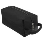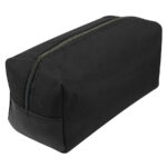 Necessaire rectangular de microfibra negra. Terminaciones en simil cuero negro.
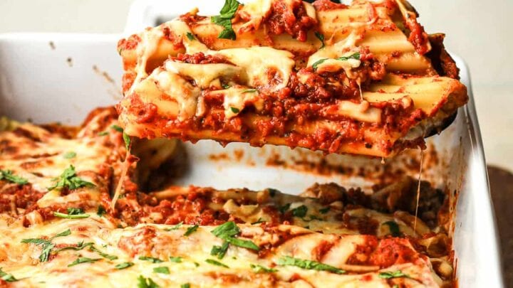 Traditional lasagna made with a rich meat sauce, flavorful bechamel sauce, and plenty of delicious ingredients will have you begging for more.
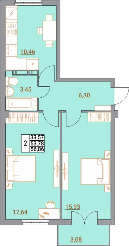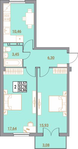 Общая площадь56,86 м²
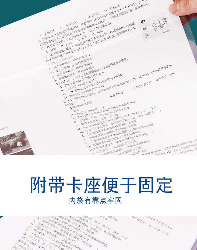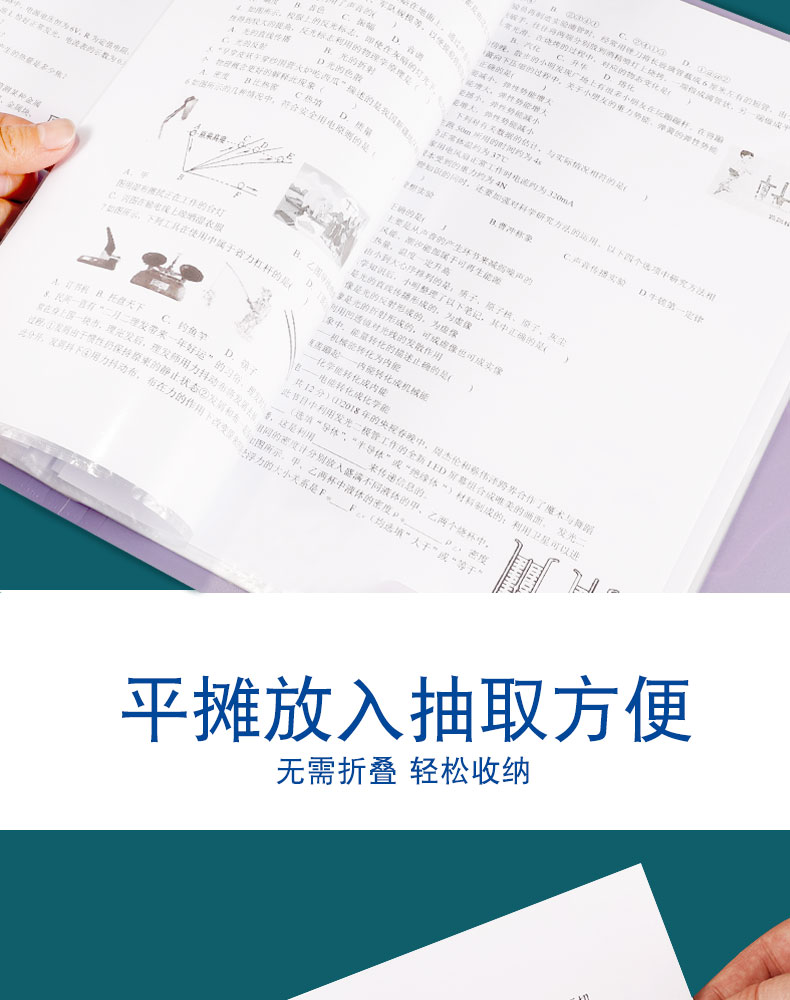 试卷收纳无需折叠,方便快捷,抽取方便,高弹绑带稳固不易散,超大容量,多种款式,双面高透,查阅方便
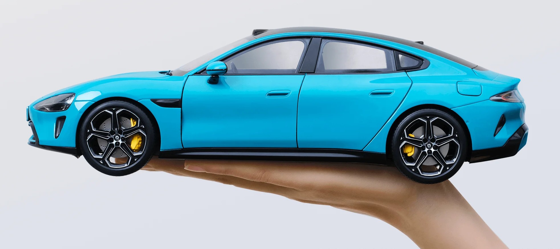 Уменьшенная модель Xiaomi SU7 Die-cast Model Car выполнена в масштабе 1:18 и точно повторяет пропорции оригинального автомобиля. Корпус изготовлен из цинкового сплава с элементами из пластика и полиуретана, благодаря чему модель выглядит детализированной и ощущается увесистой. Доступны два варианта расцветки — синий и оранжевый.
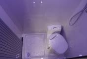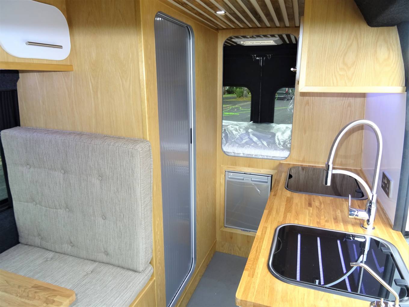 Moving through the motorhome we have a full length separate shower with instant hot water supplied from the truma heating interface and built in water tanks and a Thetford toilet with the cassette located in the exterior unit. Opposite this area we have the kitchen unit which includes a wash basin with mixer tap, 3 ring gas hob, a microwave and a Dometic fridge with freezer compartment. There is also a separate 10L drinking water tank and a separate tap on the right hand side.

...

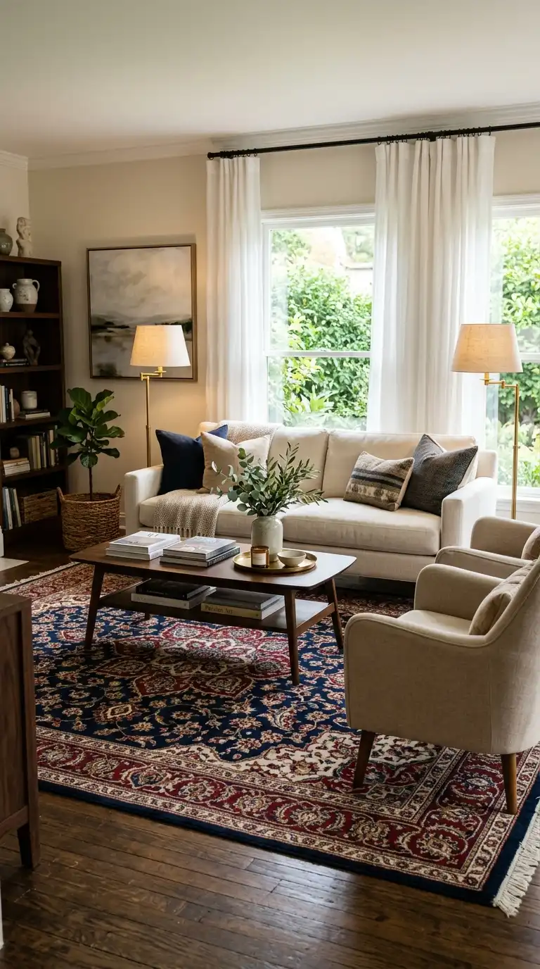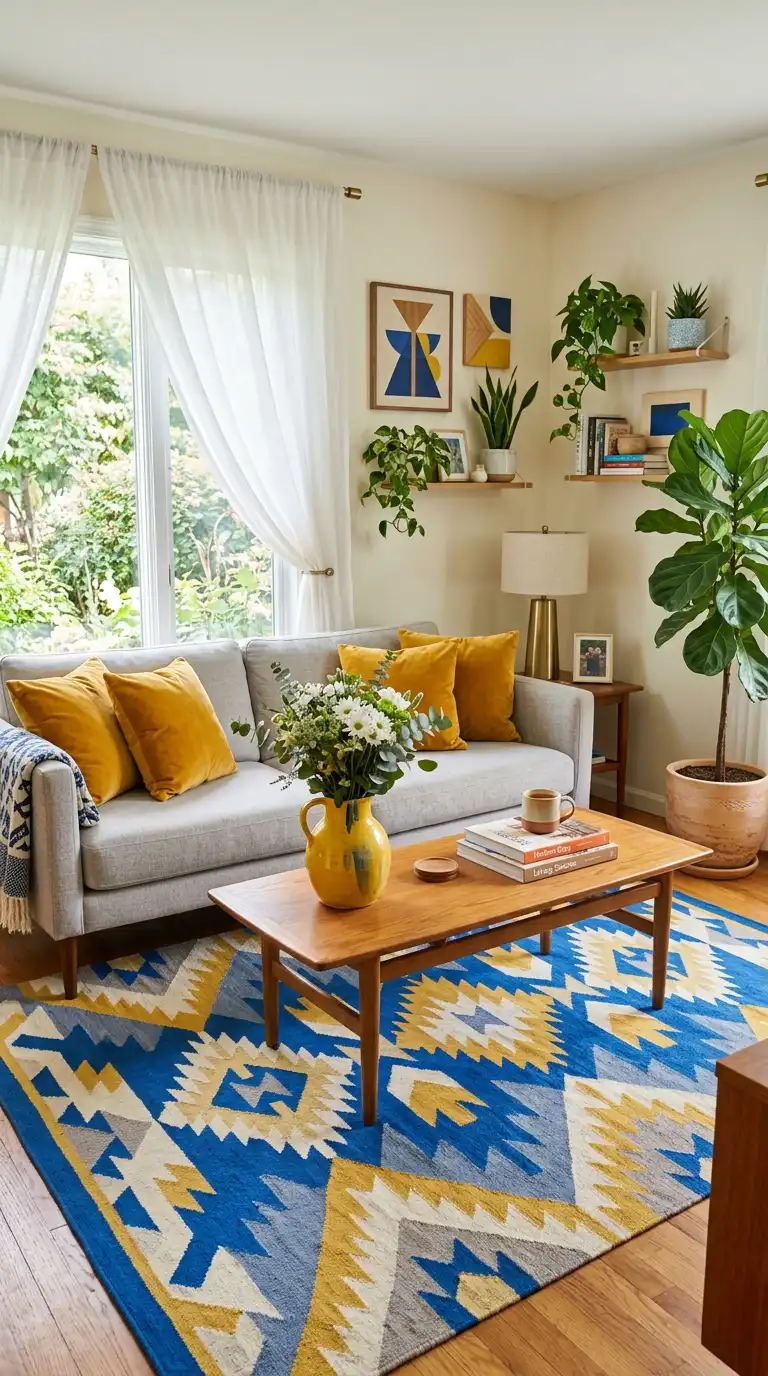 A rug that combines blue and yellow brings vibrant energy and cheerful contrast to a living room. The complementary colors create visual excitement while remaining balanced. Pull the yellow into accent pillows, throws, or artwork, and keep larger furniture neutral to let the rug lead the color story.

**WHAT THE TASK ASKS:**
Only the lines above from the one with "Necessaire rectangular de" to the one with "Уменьшенная модель Xiaomi" should be printed, both included and exactly as written; no picture belongs in the copy.

**RESULT FOR THIS TASK:**
 Necessaire rectangular de microfibra negra. Terminaciones en simil cuero negro.
 Traditional lasagna made with a rich meat sauce, flavorful bechamel sauce, and plenty of delicious ingredients will have you begging for more.
 Общая площадь56,86 м²
 试卷收纳无需折叠,方便快捷,抽取方便,高弹绑带稳固不易散,超大容量,多种款式,双面高透,查阅方便
 Уменьшенная модель Xiaomi SU7 Die-cast Model Car выполнена в масштабе 1:18 и точно повторяет пропорции оригинального автомобиля. Корпус изготовлен из цинкового сплава с элементами из пластика и полиуретана, благодаря чему модель выглядит детализированной и ощущается увесистой. Доступны два варианта расцветки — синий и оранжевый.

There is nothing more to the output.